Determining possible traverse locations for measurement applies to both rectangular ducts and round ducts, a sample of each of which is shown in Figures Two and Three.
With a fundamental understanding of traverse locations, a technician can use available tables and other information to consider the proper procedure for determining traverse air flow testing in a specific situation. As an example, consider the equipment shown in Figure Four where the supply plenum is shown positioned on the air handler cabinet.
For our purposes, we’ll determine that the duct assembly has a width of 24” and, because of that factor, we have chosen five traverse locations in a position on the plenum that is far enough away from the air handler.

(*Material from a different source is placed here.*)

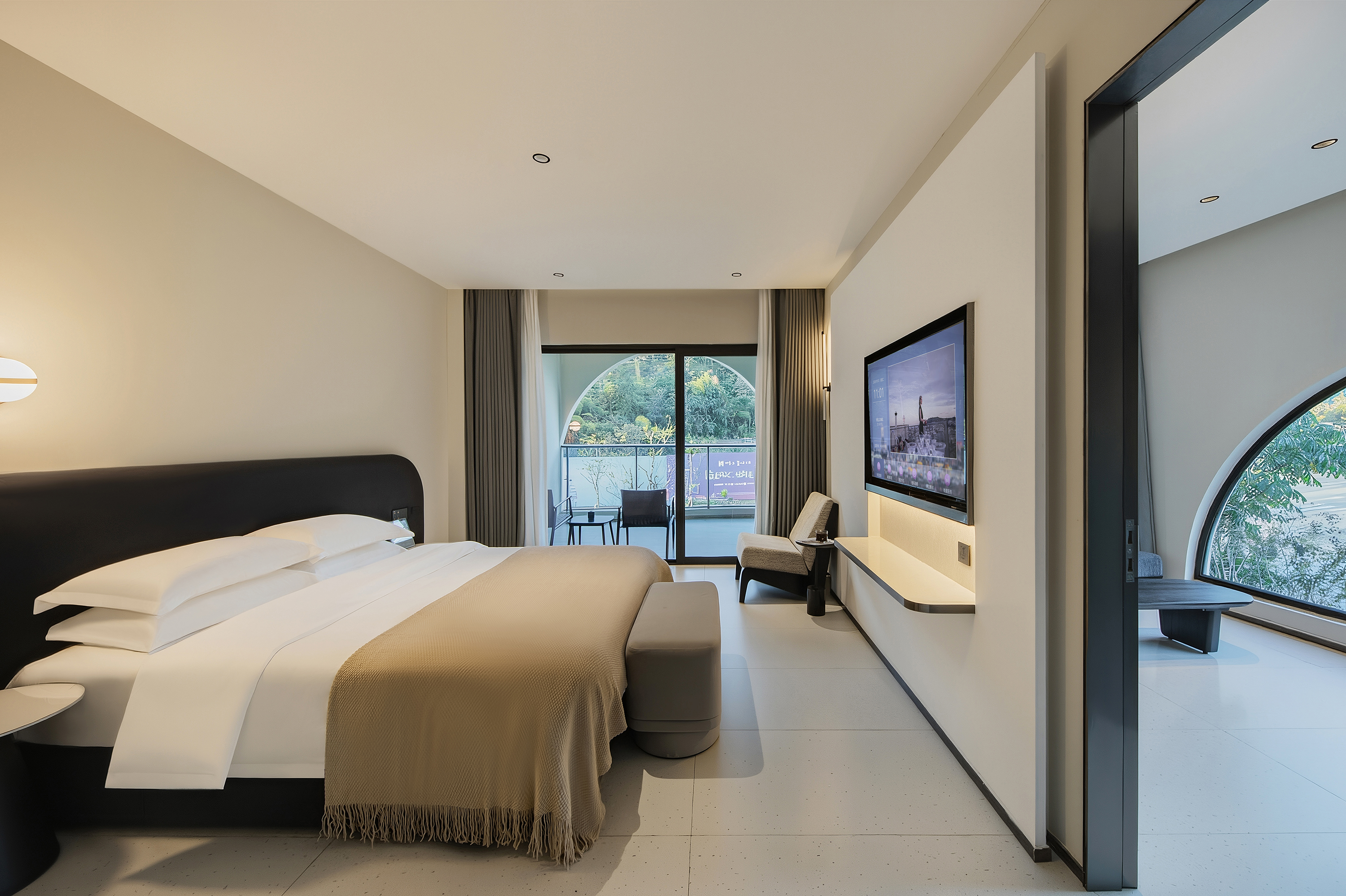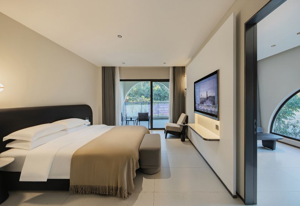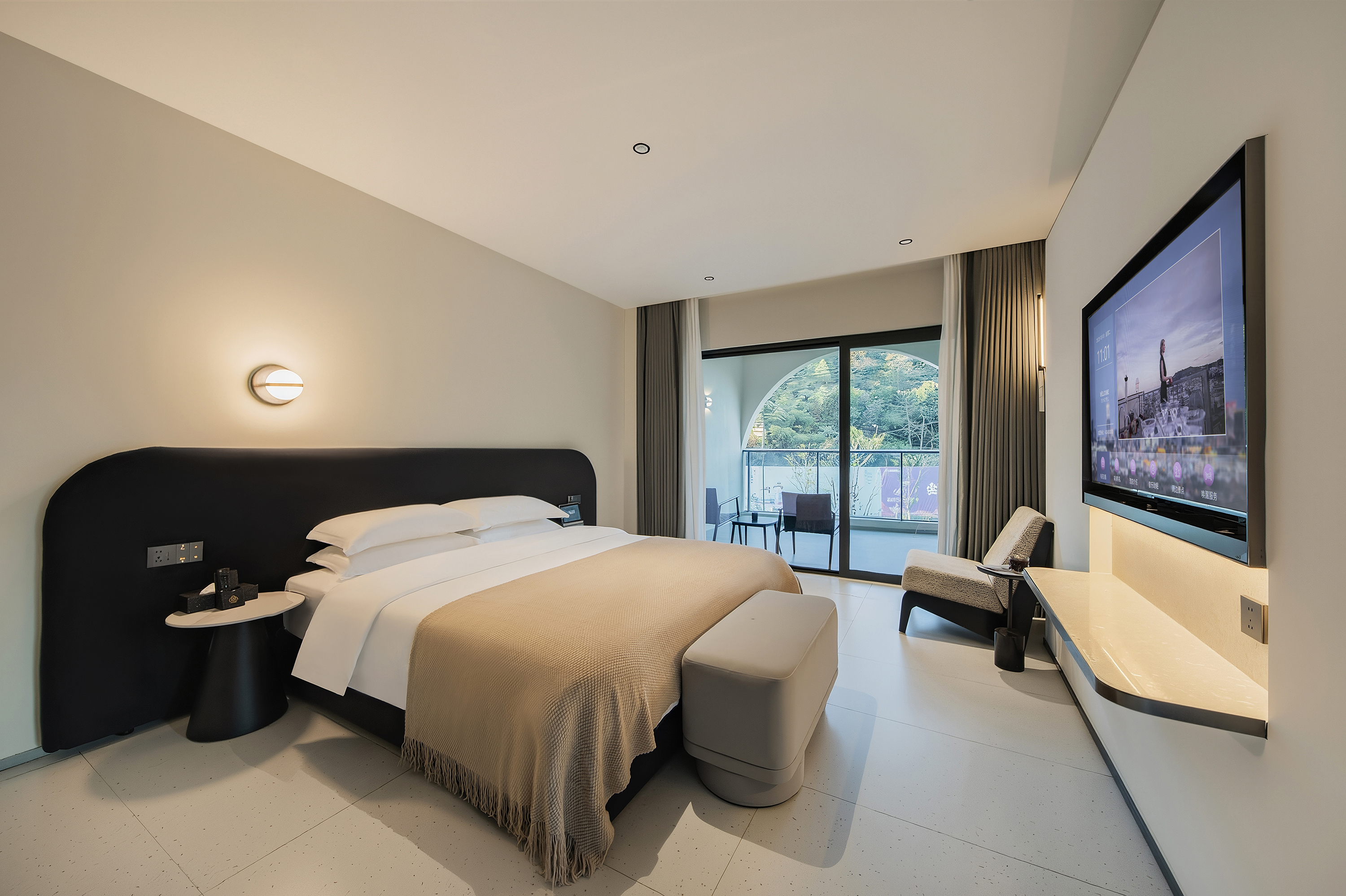 家庭房(全景弧形落地窗+书桌+零压床垫+裸棉床品)

These five points are the locations for drilling a 3/8” hole in the duct. To accomplish the traverse measurement process, the probe of our anemometer will be inserted slowly through each opening until the tip of the probe touches the inside of the duct on the opposite side from our measurement position. During each insertion, the anemometer will be set to take a measurement, and those measurements will be averaged to tell the technician what the total air flow measurement is in CFM.
In the event that the air flow is found to be insufficient, steps can be taken to modify the duct system or adjust the fan speed in order to ensure a proper balance between the air flow and refrigeration systems in the equipment.